* **Your task**
Can you restate the lines of the entries below, word for word, from the first one through the line that includes "2회말 1사 1,2루"?

* **Supplied records**
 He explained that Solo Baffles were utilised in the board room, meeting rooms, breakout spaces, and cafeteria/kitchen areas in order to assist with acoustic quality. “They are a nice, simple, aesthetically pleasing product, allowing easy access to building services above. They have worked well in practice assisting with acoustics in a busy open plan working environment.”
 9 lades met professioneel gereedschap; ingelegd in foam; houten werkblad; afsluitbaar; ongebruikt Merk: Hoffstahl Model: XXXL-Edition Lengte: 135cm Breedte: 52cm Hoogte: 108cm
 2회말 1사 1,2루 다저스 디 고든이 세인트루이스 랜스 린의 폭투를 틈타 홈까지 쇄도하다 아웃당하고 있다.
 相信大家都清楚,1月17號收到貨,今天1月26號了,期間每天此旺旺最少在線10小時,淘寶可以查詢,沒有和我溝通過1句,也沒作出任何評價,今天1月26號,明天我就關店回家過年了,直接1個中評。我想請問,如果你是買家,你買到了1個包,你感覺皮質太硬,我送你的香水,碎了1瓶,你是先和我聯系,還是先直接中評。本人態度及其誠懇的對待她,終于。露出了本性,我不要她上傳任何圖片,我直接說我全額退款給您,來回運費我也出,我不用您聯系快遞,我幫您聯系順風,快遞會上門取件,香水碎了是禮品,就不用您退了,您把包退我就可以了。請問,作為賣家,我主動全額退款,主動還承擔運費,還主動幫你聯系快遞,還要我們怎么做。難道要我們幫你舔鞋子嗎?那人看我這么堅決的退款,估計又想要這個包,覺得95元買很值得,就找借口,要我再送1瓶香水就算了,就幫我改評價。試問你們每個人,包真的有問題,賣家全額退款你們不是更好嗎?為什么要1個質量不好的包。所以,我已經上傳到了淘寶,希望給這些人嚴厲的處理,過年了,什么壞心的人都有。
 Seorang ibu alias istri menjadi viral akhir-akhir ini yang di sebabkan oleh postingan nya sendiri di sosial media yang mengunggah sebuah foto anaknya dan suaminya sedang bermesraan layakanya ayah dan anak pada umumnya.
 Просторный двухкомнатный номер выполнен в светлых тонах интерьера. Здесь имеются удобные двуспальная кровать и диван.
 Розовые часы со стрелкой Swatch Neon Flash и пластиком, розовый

* **Result for this task**
 He explained that Solo Baffles were utilised in the board room, meeting rooms, breakout spaces, and cafeteria/kitchen areas in order to assist with acoustic quality. “They are a nice, simple, aesthetically pleasing product, allowing easy access to building services above. They have worked well in practice assisting with acoustics in a busy open plan working environment.”
 9 lades met professioneel gereedschap; ingelegd in foam; houten werkblad; afsluitbaar; ongebruikt Merk: Hoffstahl Model: XXXL-Edition Lengte: 135cm Breedte: 52cm Hoogte: 108cm
 2회말 1사 1,2루 다저스 디 고든이 세인트루이스 랜스 린의 폭투를 틈타 홈까지 쇄도하다 아웃당하고 있다.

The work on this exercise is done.